In yesterday’s post, I had the nerve to ask whether a degree from Princeton University (or any other “elite” school for that matter) is more of a burden than a blessing.

In case you’re curious, here I am as a college sophomore in backhand mode playing a match against Brown.  I won that day. You don’t think I’d post a photo of a LOSING match, do you?

Although yesterday’s question admittedly takes a jaundiced view of something that is an enormous privilege, it resonated with more than a few people over on Facebook.  In the words of a Harvard graduate:

Thanks for – once again – putting in words the thoughts that go through many heads, including mine.”

So, to answer the original question:  how does one best navigate the expectations that arise from that educational pedigree?  How can you feel like you are anything other than a disappointment unless you’re a CEO, an elected official, a Nobel-Prize winning researcher, or the pastor of the most happening church in the world?

I can’t answer for everyone, of course.  I can only answer from my experience, which is this:  I didn’t really want to go to there.  I didn’t exactly love it while I was there.  And I am convinced from hindsight that God masterplanned all of it to set me up for the rest of my life.

The reason behind my reluctance to go to Princeton in the first place had everything to do with the two Ts:  Texas and Tennis.  Throughout my teenage years, I wanted to go  Trinity University in San Antonio, become part of their historic tennis legacy, and try the pro tour four years later.  But family wisdom weighed in — as in, “you can’t turn an Ivy League opportunity down!”  Even more powerful was what happened when I prayed.  Now: I was relatively new to faith and to prayer at that time, but every time I knelt to pray, “Lord, where should I go to college?,” I couldn’t even finish the sentence before the answer came to my head:  Princeton.

So I’d give God another chance:  “Lord, I’m serious this time. Where should I go?  And before you answer, remember how much I love Trinity.”

“Princeton.”

“Lord, it’s in New Jersey.  Have you ever BEEN to New Jersey?”

“Princeton.”

That sort of clarity in prayer — telling me emphatically what I DID NOT WANT TO HEAR  — has only happened once or twice in my life.  One of the other times was late in 1994 when I had the chance to leave Mt. Carmel Church in Monroe for what looked like a golden opportunity in suburban Charlotte.  The answer before I could finish my question?  STAY.  So stay I did, until 1999.

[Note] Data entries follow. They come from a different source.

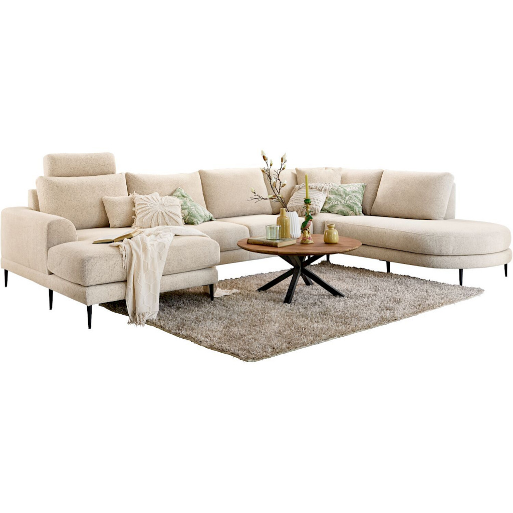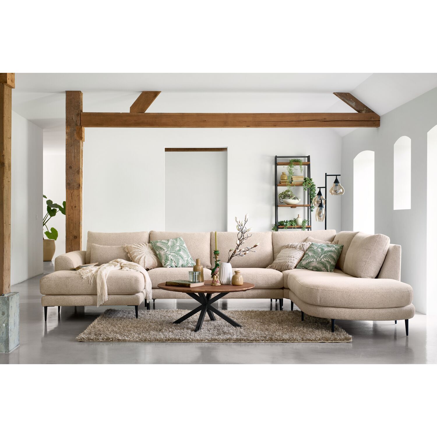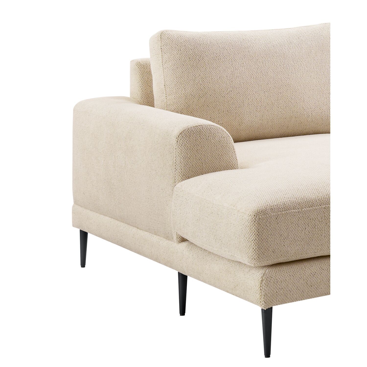 Longchair rond arm links + 2,5 zits zonder armen + hoekelement + 1 zits met eiland rond rechts uitgevoerd in stof macan 102-ecru met een toplaag van traagschuim in de zitting, HR-koudschuim met een afdeklaag van siliconenvlokken en donsveren in de rug en zwarte metalen poten, type M-14 (15 cm).
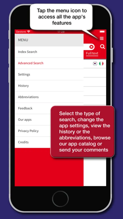 The app's interface has been redesigned to provide a simpler and more intuitive experience. Each definition can be shared using the features available in the device, such as social media, e-mail, SMS, cloud. A main menu that can be activated via an icon available at the top right of the screen enables all the features of the app:
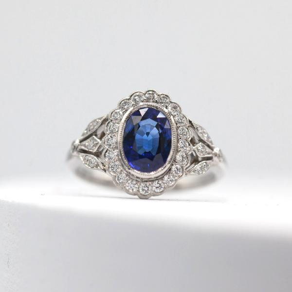 Estate Collection Art Deco Diamond & Sapphire Halo Ring
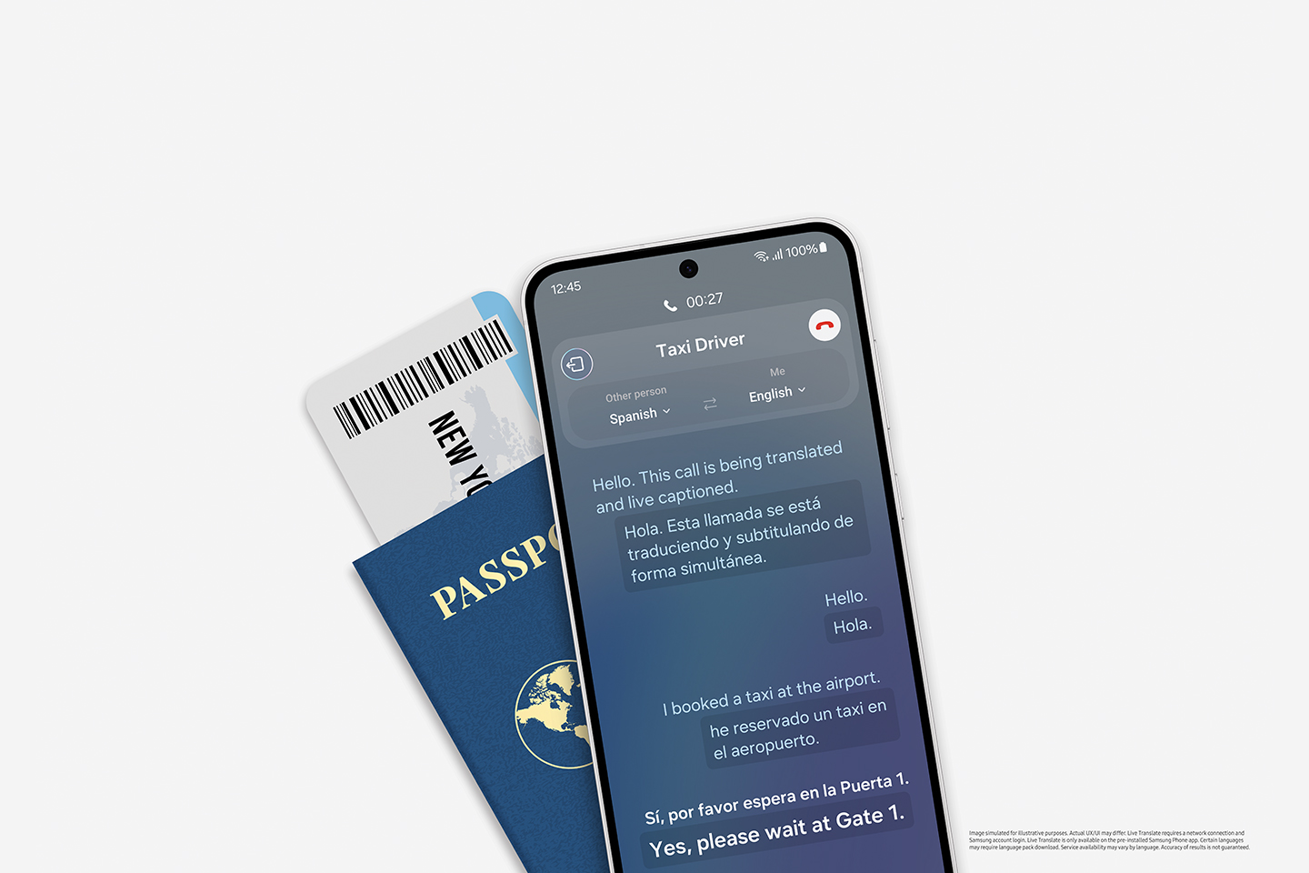 11 Live Translate feature for Call Assist does not require a network connection. Calls require a network connection to activate Live Translate. Samsung Account login required. Live Translate is only available on pre-installed Samsung Phone apps and some third-party apps. Service availability may vary by language or region. Certain languages may require language pack download. Accuracy of results is not guaranteed.
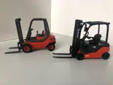 Twee schitterende onbespeelde nieuw staat heftrucks de Toyota type TTRIGO 40 - 16 denk in de schaal 1:43 en de Linde uitgebracht door GAMA in de schaal 1:25 beide modellen hebben altijd in mijn zon en stofvrije vitrine gestaan . Uniek en echt prachtig .
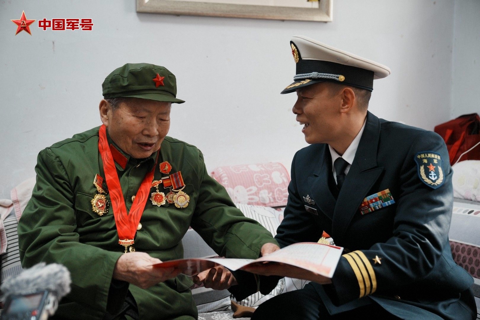 新春的脚步渐近,牵挂的深情跨越山海而来。海军某部“冲山阻击营”官兵代表,带着全体官兵的崇敬与祝福,辗转来到山东沂源,登门探望抗美援朝老兵朱志学。“报告老营长,我代表全营官兵来看您!”一见面,“冲山阻击营”干部黄天乐与老英雄的两双手便紧紧握在一起,一股无形的力量在两代军人间传递。
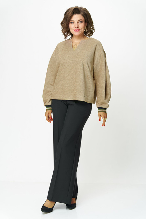 Комплект женский-двойка, блуза, свободного силуэта, из трикотажной ткани, вырез горловины V-образный,рукав немного спущенный,  фигурный, спинка цельная. Длина по спинке 59 см Брюки-палаццо,средней ширины,из плотной текстильной ткани, выполнены с карманами с отрезным бочком в боковом шве. Пояс притачной, застёжка на молнию. По задним половинкам обработаны вытачки. Длина по боковому шву 108 см.

So if God tells you no uncertain terms to go somewhere, that means you’ll love it, right?  Not so fast.  For a native Texan, Princeton was serious culture shock: cold weather, long lines, and, um, abrupt people.  Some of it I endured, some of it I came to love (tennis teammates in particular), and for much of it I was never going to feel completely at home.

But in spite of my reluctance and even in spite of the fact that I have mixed feelings about my four years there, leaving Texas and trekking to New Jersey set up my whole life.  Forces were at work directing me there, keeping me there, preparing me there.

 

It’s where I met Julie.

It’s where I first saw deep discipleship modeled.

It’s where I heard the call to ministry. 

It’s where I first of Asbury Seminary.

It’s where I learned to have confidence as a writer, paving the way for this new-found privilege I have in publishing.

All in all, I see unmistakable evidence of God’s providence throughout — he put people and situations and events in my path, all designed to invite me into the kind of life that prepared me to serve alongside the people of Good Shepherd.

God was working on me before I was looking for him.

He was showing me that success in the world’s eyes is less important than significance in his.

In Methodism, we call that prevenient grace — the love, provision, and direction that goes BEFORE you, wooing you towards God when you’re often looking the other way.

What encourages me about the reflections on my own journey is this:  situations and decisions that seem unpleasant or difficult in the moment — Lord, have you ever BEEN to New Jersey? — are nothing but the raw material God uses to get you ready you for his future.

It’s prevenient grace and it shows me that life’s pain isn’t God’s punishment.

It’s his preparation.

 

 

Comments ( 2 )

  • Lawrence J Tabak says:

    Thanks for this clear-headed retrospective. I’d add another bonus — the U.S. Tennis Association (at the time based in Princeton) got a memorable couple of years of stellar service.

    • Talbot Davis Admin says:

      That is so true … more impactful on me in positive ways than I was on USTA. Taught me much about organizing, prioritizing, and even writing. Oh, and the friendships!